If a check fails due network, DNS, permissions, or API rate limits:

  • Report it explicitly as an environment limitation, not a confirmed site issue.
  • Keep confidence as Hypothesis for impacted categories.
  • Continue with available evidence instead of stopping the audit.
  • Do not enter repeated fallback loops. Retry a failed source at most once, then finalize the audit.
  • Do not pivot into repeated web-search scraping loops for the same URL.

Visual analysis (requires Playwright — use conda activate pentest if available):

# Capture screenshots (desktop, laptop, tablet, mobile)
python3 <SKILL_DIR>/scripts/capture_screenshot.py <url> --all

# Analyze visual layout, above-the-fold, mobile responsiveness
python3 <SKILL_DIR>/scripts/analyze_visual.py <url> --json

HTML Report Generator — generates a self-contained interactive HTML dashboard:

# Generate full SEO report (runs scripts automatically, saves HTML to PWD)
python3 <SKILL_DIR>/scripts/generate_report.py <url>
python3 <SKILL_DIR>/scripts/generate_report.py <url> --output custom-report.html

Step 5 — Delegate to Specialist Agents

For comprehensive audits, read the relevant agent file from resources/agents/ to adopt the specialist role:

Agent File Focus Area
Technical SEO seo-technical.md Crawlability, indexability, security, URLs, mobile, CWV, JS rendering
Content Quality seo-content.md E-E-A-T assessment, content metrics, AI content detection
Performance seo-performance.md Core Web Vitals (LCP, INP, CLS), optimization recommendations
Schema Markup seo-schema.md Detection, validation, generation of JSON-LD structured data
Sitemap seo-sitemap.md XML sitemap validation, generation, quality gates
Visual Analysis seo-visual.md Screenshots, above-the-fold, responsiveness, layout
Verifier (global) seo-verifier.md Deduplicate findings, suppress contradictions, and validate evidence relevance before final report

Step 6 — Apply Quality Gates

Reference the quality standards in resources/references/:

Step 6.5 — Verify Findings (All Workflows)
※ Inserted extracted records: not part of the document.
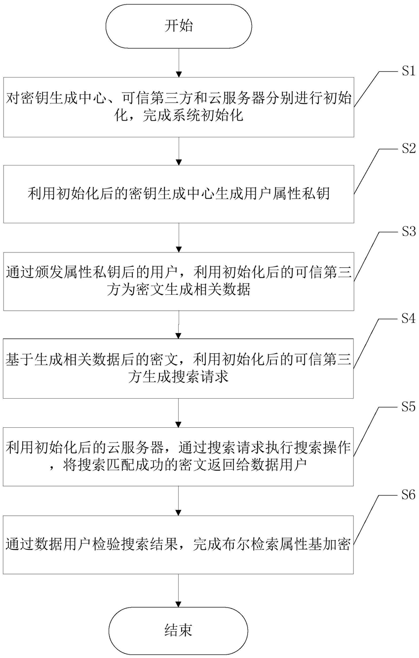 1.一种可验证搜索结果的布尔检索属性基加密方法,其特征在于,包括以下步骤:S1:对密钥生成中心、可信第三方和云服务器分别进行初始化,完成系统初始化;
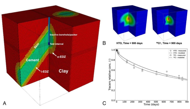 科學(xué)家在三維空間中模擬這一過程,基于著名的CrunchFlow軟件開發(fā)了CrunchODiTi程序,借助該程序分析了放射性核素進(jìn)入粘土 - 水泥混合物后近三年的實(shí)驗(yàn)結(jié)果。他們將帶正電和負(fù)電的離子分別添加到位于地層水泥附近的井中。
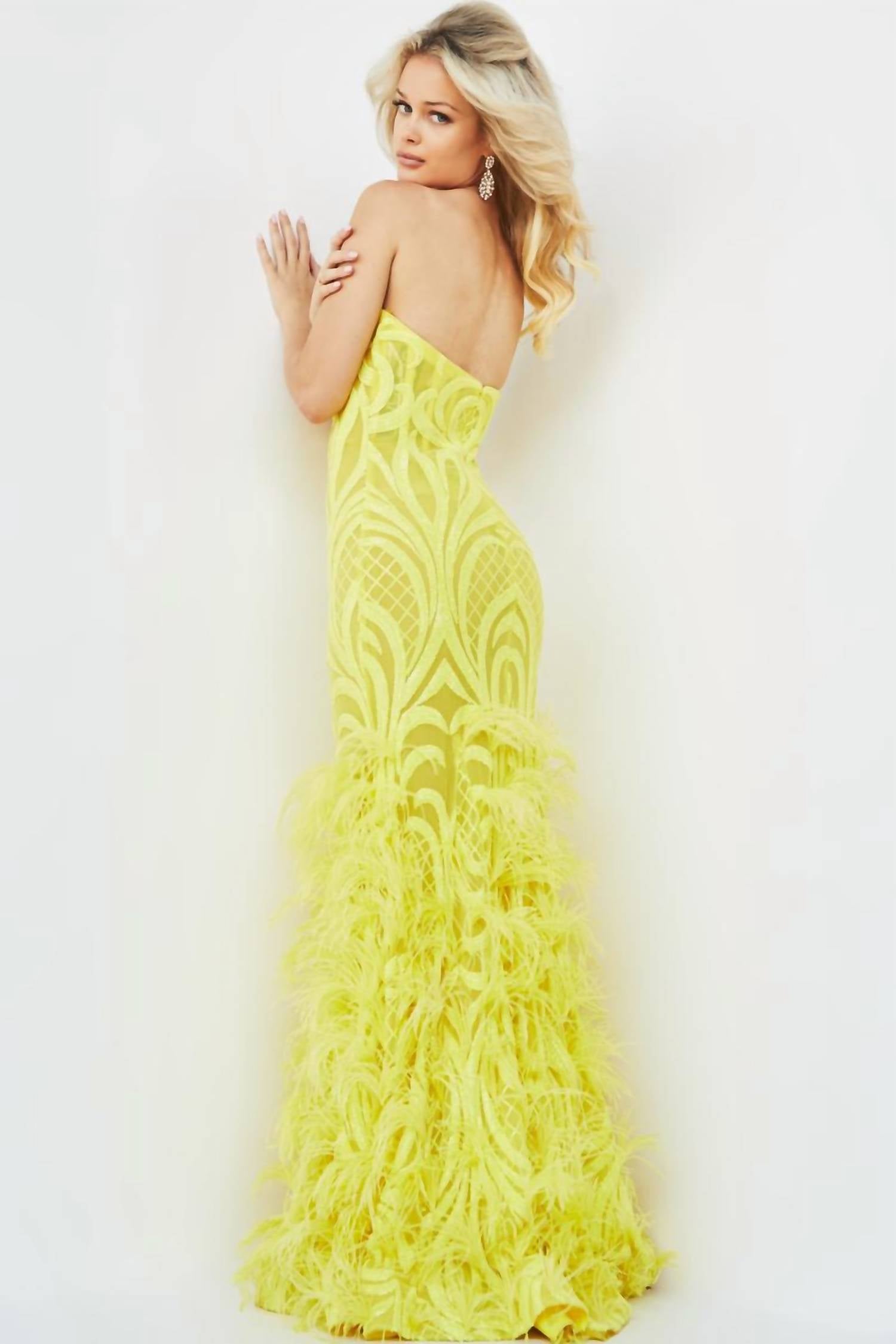 Style this maxi with your favorite statement necklace and sandals for the perfect look. Introducing the Sequin Embellished Sheath Prom Dress by JOVANI, a stunning choice for your next evening event. This strapless dress features a sheath silhouette adorned with sequins and a sweetheart neckline, exuding quiet luxury. The floor-length skirt is textured with a unique feather bottom, offering a dramatic yet elegant presence. Closure: Zip closure. Ideal for spring occasions, this yellow maxi dress is a perfect embodiment of timeless glamour.
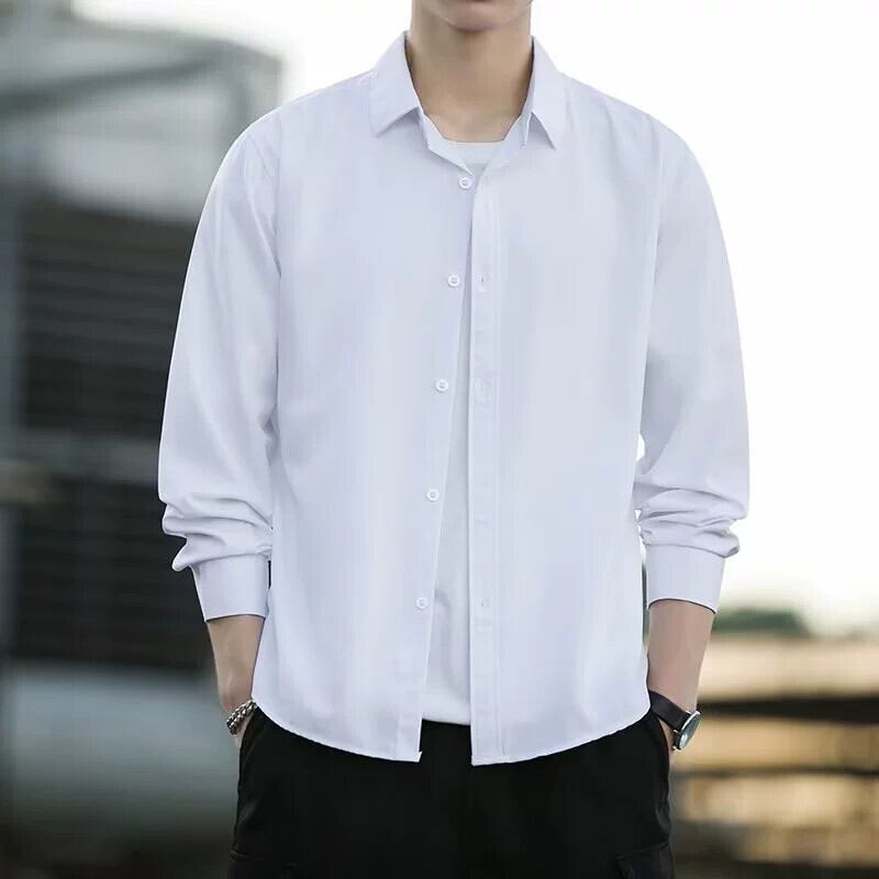 春と秋の長袖とドレープの無地シャツ、ビジネスプロフェッショナルファッションワークシャツ、カジュアルで汎用性の高いボトムスシンプルな1インチシャツ ロング スプリング 春物 オータム 秋物 ソリッドカラー 1285147799701269

Before writing final reports, run verification:

python3 <SKILL_DIR>/scripts/finding_verifier.py --findings-json <raw_findings.json> --json

Use verified output for final report tables, not raw findings.

Step 7 — Score and Report

Use numeric scores as guidance, not as a replacement for evidence quality and judgment.

Default Scoring Weights (Full Audit)

Canonical source of truth — These weights are defined here and in resources/skills/seo-audit.md. Do not modify weights in individual sub-skill files; update only these two locations to keep scores consistent.

Category Weight
Technical SEO 25%
Content Quality 20%
On-Page SEO 15%
Schema / Structured Data 15%
Performance (CWV) 10%
Image Optimization 10%
AI Search Readiness (GEO) 5%

If using scripts/generate_report.py, the automated dashboard uses script-level category weights defined in that script. Keep the narrative audit LLM-first and evidence-first.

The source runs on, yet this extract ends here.